Reading How Money Got Free: Bitcoin and the Fight for the Future of Finance by Brian Patrick Eha (Oneworld Publications, 2017) put the many Bitcoin stories in perspective and showed me how it operated behind the scenes.  The primary drivers behind cryptocurrencies have great appeal: a decentralized system of exchange not controlled by any government or political group, the ability to make anonymous purchases and donations, worldwide reach, fast transactions, and minimal fees or "friction" in the system.  In all, Bitcoin seemed like a promising technology for our increasingly digital world.

At last I felt knowledgeable enough to take action.  Meanwhile, during my long "research" phase, Bitcoin's price had climbed from $700 to over $6,000!  Clearly I'd missed out on some amazing financial gains.

Because reading about how to ride a bicycle and actually learning to ride are very different things, my time had come to climb on the cryptocurrency bike and actually buy some Bitcoin.

The next phase of my education had three goals:

  1. Exchange some U.S. dollars for some Bitcoin.
  2. Purchase some "thing" with Bitcoin.
  3. Exchange some Bitcoin back to dollars (hopefully after the price went up).
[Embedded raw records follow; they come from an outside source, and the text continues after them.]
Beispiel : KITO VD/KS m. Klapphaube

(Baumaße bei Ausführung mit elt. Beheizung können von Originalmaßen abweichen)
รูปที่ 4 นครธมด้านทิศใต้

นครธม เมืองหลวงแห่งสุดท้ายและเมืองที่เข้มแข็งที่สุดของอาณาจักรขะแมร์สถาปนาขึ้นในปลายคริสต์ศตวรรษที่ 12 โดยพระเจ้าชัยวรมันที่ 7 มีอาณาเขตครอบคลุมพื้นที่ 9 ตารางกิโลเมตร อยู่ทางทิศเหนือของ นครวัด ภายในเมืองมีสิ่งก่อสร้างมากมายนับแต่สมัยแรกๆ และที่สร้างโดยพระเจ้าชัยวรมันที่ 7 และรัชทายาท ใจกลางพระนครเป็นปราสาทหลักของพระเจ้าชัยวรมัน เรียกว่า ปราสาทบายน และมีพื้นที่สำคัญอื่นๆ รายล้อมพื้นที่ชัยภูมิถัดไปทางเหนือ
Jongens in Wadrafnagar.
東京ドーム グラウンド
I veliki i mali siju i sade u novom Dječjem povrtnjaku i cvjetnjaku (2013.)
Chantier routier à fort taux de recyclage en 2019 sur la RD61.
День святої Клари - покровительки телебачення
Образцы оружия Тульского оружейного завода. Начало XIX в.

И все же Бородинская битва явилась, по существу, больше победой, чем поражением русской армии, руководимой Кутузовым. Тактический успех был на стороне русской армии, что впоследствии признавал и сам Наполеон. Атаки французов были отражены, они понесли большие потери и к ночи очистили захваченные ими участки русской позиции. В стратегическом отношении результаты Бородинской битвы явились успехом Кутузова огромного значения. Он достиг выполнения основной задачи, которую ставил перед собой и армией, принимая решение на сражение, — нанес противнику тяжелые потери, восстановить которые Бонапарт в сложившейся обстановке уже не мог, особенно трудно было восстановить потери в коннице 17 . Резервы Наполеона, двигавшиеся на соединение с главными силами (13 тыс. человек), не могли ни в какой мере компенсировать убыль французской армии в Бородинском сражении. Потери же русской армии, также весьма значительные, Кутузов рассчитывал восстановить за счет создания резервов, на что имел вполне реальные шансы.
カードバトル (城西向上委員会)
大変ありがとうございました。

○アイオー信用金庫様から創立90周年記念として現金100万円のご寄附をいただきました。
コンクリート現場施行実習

The old saying goes "don't invest more than you're willing to lose."  Had I bought $700 of Bitcoin at the start of my research phase in the spring of 2016 it would have become over $6,000, and a purchase of $5,000 back then would have become nearly $43,000 now!  I'd watched the Bitcoin price climb steadily, so I picked a number I could live with losing - $5,000 - and went in search of a marketplace to take my money.

Although I made what I thought were the best choices at the time, I'm sure informed readers could offer endless alternatives.  Rather than writing a "how to" article with specific products, services, and website names, for the most part I will focus instead on my experiences and how they exposed the realities of the current system.

Day 1 - Mid-October 2017:  To start, I needed a software "hot wallet" to securely hold my future Bitcoin, and from which to spend it.  I downloaded several of the better-rated wallet apps, and set them up with secure passwords, main and backup email addresses, multi-word recovery phrases, and recovery hints.  They offered many different options for additional security.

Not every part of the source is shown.